We will email the readings after registration.

Ruth Wilson Gilmore is Professor of Earth & Environmental Sciences and Director of the Center for Place, Culture, and Politics at the City University of New York Graduate Center. A co-founder of many grassroots organizations including California Prison Moratorium Project, Critical Resistance, and the Central California Environmental Justice Network, Gilmore works on racial capitalism; organized violence; organized abandonment; and abolition as a green, red, and internationalist project of liberation.
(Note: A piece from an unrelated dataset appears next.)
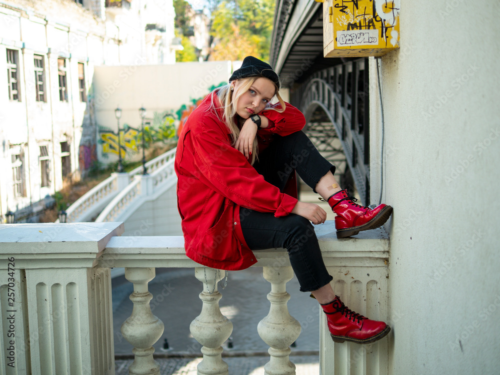 young hipster blonde girl in a knitted black hat and red jacket sitting under a bridge

Author of Abolition Geography: Essays Towards Liberation (Verso 2022), and the prize-winning Golden Gulag: Prisons, Surplus, Crisis, and Opposition in Globalizing California (UC Press 2007), she recently published a new introduction to Lenin’s Imperialism and The National Question (Verso 2024). With Paul Gilroy she co-edited Stuart Hall: Selected Writings on Race and Difference. (Duke 2021). Change Everything: Racial Capitalism and the Case for Abolition is forthcoming from Haymarket. Gilmore has lectured in Africa, Asia, Europe, and North America. Her internationalist work is featured in the Antipode Foundation documentary Geographies of Racial Capitalism with Ruth Wilson Gilmore (Dir Kenton Card, 2020). Honors include the Ralph Santiago Abascal Prize in Economic and Environmental justice (2003); the Southern California Library Lifetime Achievement Award (2007); A New Way of Life Re-entry Project Lifetime Achievement Award (2010); the American Studies Association Angela Y. Davis Award for Public Scholarship (2012); the American Association of Geographers Harold Rose Award for Anti-Racist Research and Practice (2014); the SUNY-Purchase College Eugene V. Grant Distinguished Scholar Prize for Social and Environmental Justice (2015-16); the Lannan Foundation Lifetime Cultural Freedom Award (2020); The American Association of Geographers Lifetime Achievement Award (2021); the Marguerite Casey Foundation Freedom Scholar (2022); and the American Association of Geographers Presidential Award (2024). She is a member of the American Academy of Arts and Sciences.